Content is essential for our survival in a modern world: it helps us to adapt to changing conditions of the environment. As much as we want some fresh and juicy food with vitamins and nutrients, we want to feed our brains with daily portions of interesting, emotional, and useful information. We've got used to receiving a lot of sensory information but to make out brain work like a Swiss watch, we need some relevant information about the world around us. That's the basic law of adaptation. That's why we read newspapers, watch TV, scroll Facebook news feed in the attempt to catch something valuable among first. We consume all types of content all the time we are awake. It can be visual content, such as movies or TV shows or YouTube videos, audio content, such as songs or podcasts, and it's also textual content, such as books, magazines, newspapers.

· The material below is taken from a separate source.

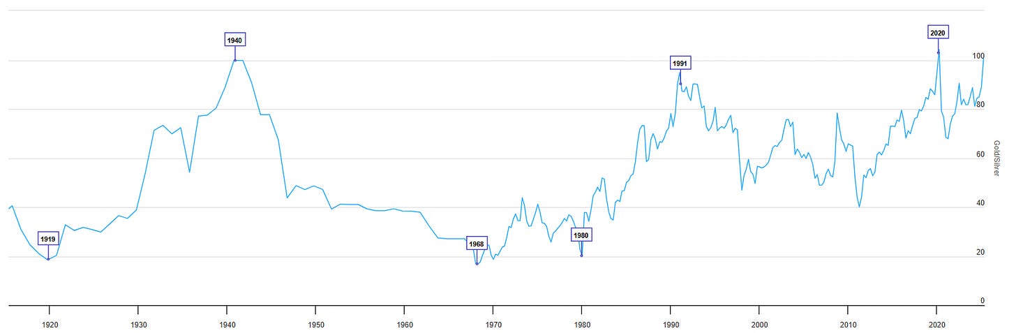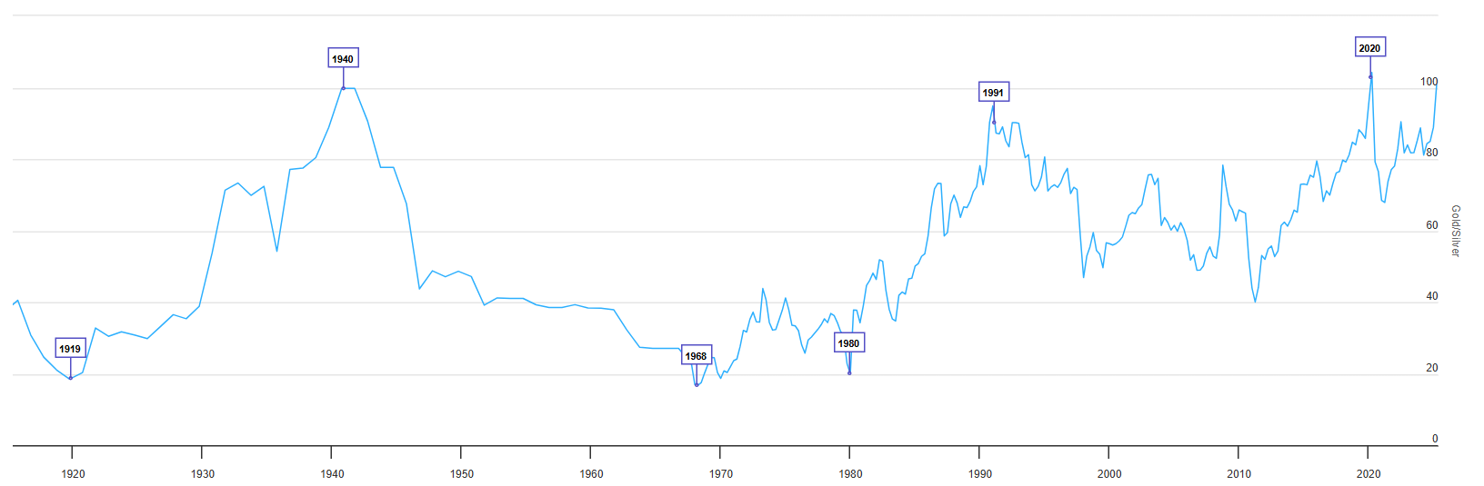 Here’s a long term chart of the Gold/Silver ratio. The Gold/Silver ratio has hit 100:1 on three prior occasions over the last century...and it was never sustained.
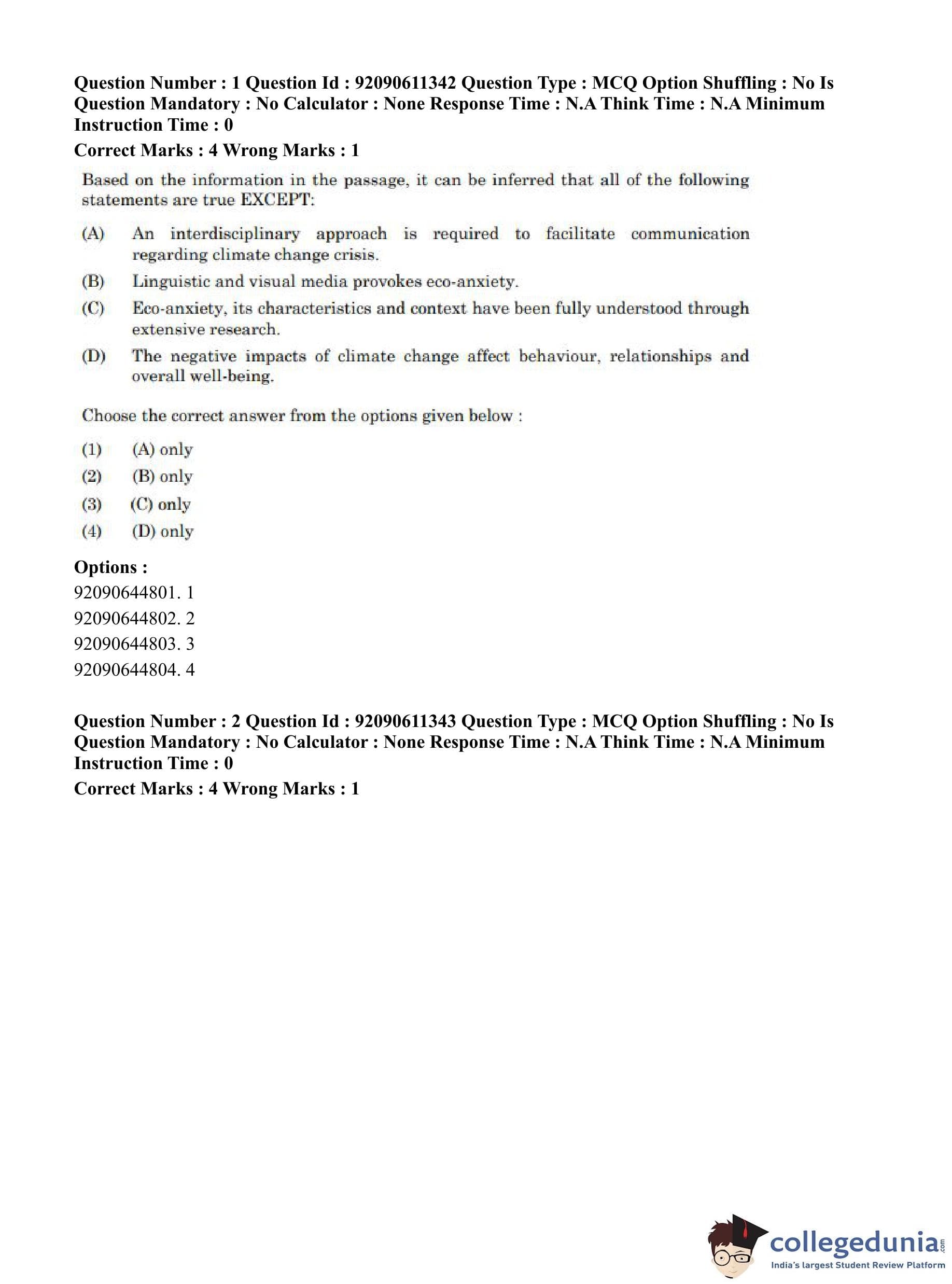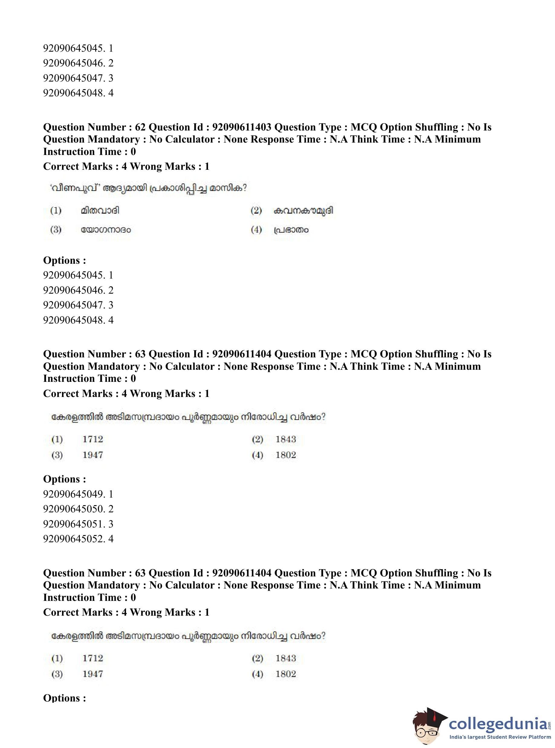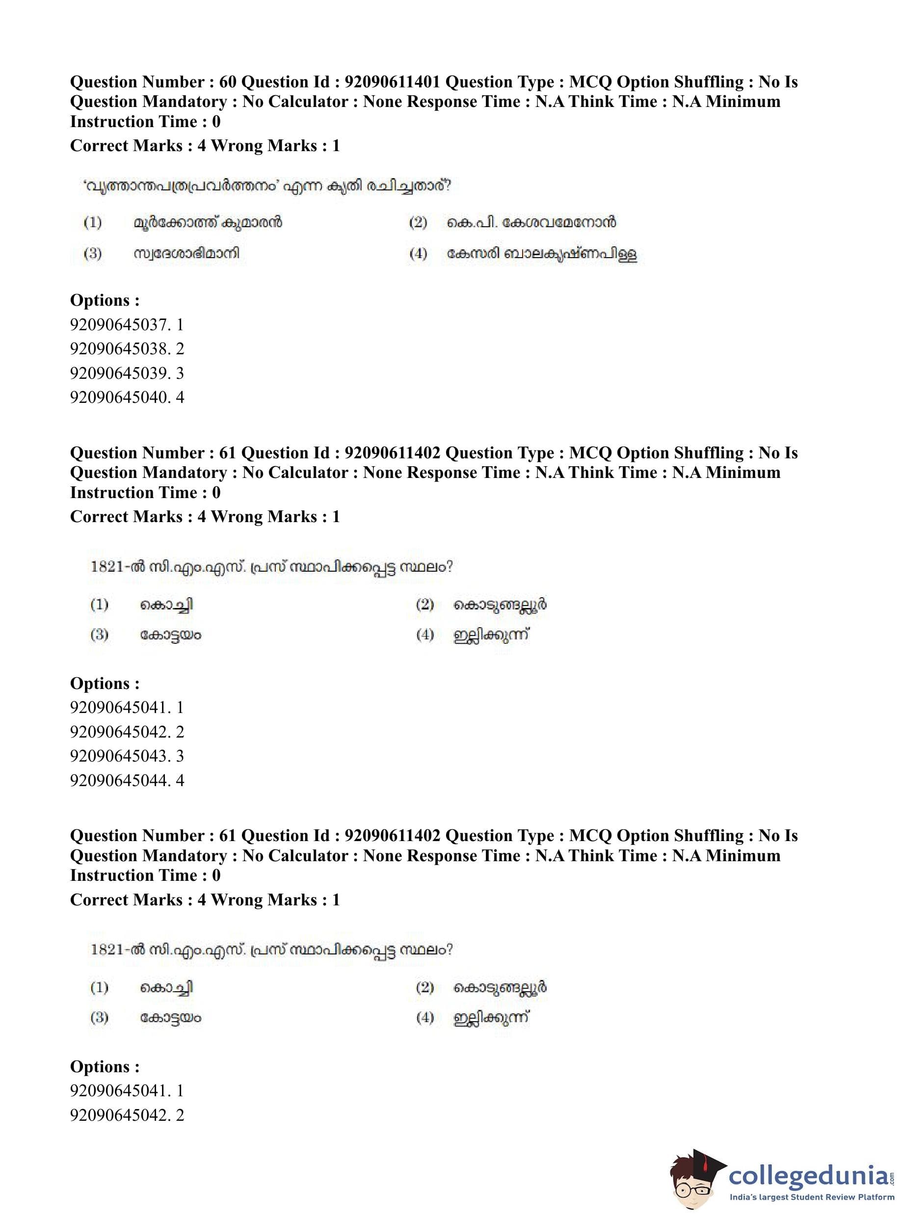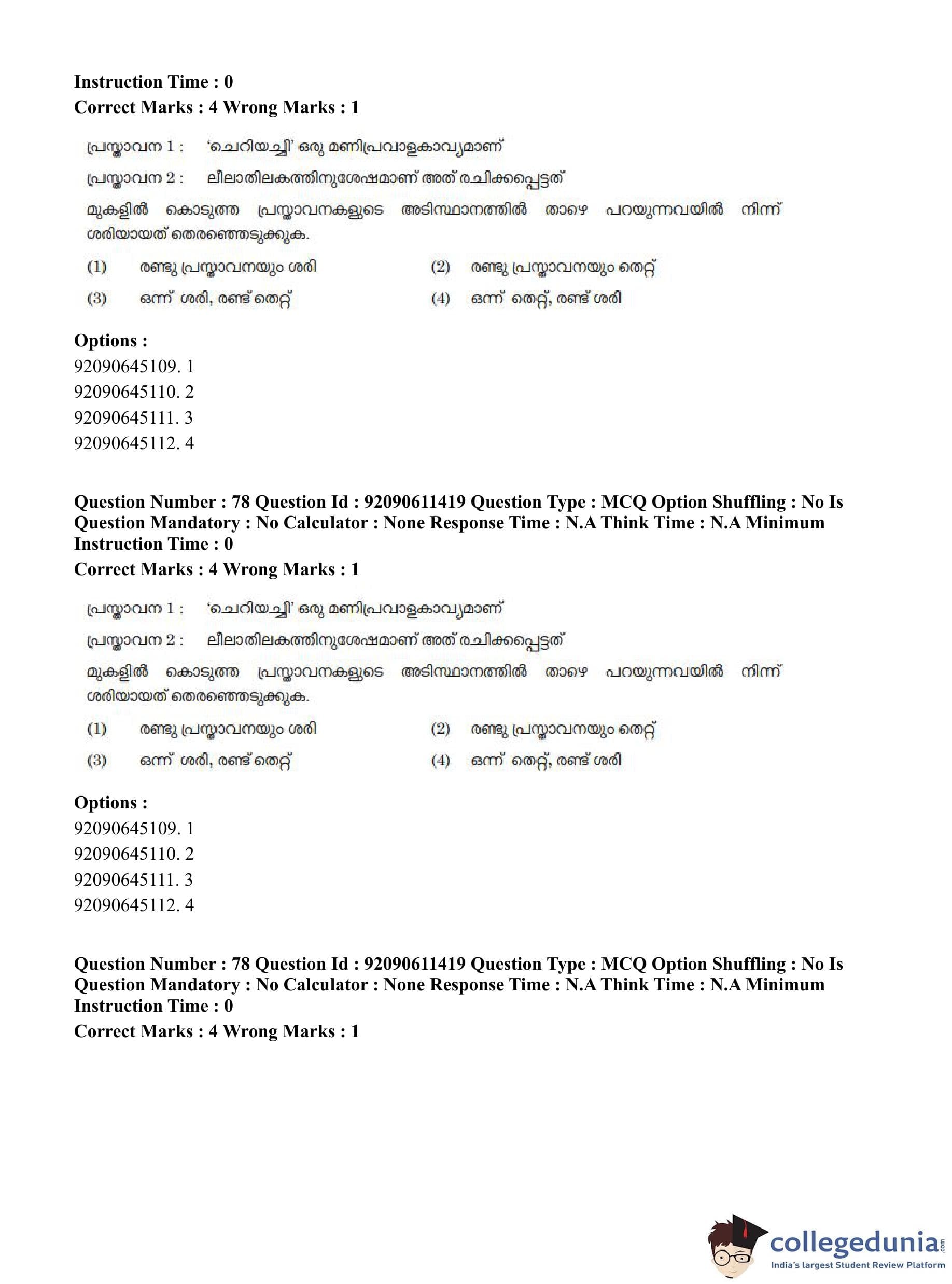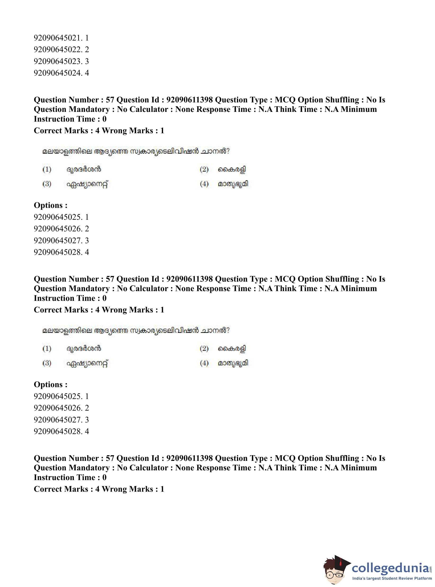 CUET PG 2023 Malayalam Question Paper in English (June 10 - Shift 2)

Yet the majority of us are pretty sure that the juiciest information available today is on the Internet. And they are quite right. It's indisputable: the Internet has become a global conscious mind: news spread there with a speed of a rocket, and videos get viral within hours. If you want to catch up with the latest trends, you need to be online all the time. The Internet can connect you to a diver on the Philippines and to a hikikomori guy from Japan. The Internet is definitely almighty. And the most important is that the Internet is able to provide us with as many information as we want. But what information do we want?
And there appears a problem: in the age of the Big Data, there is so much information that it's easy to get lost. We all want to find something unique, something topical, and something valuable at the same time.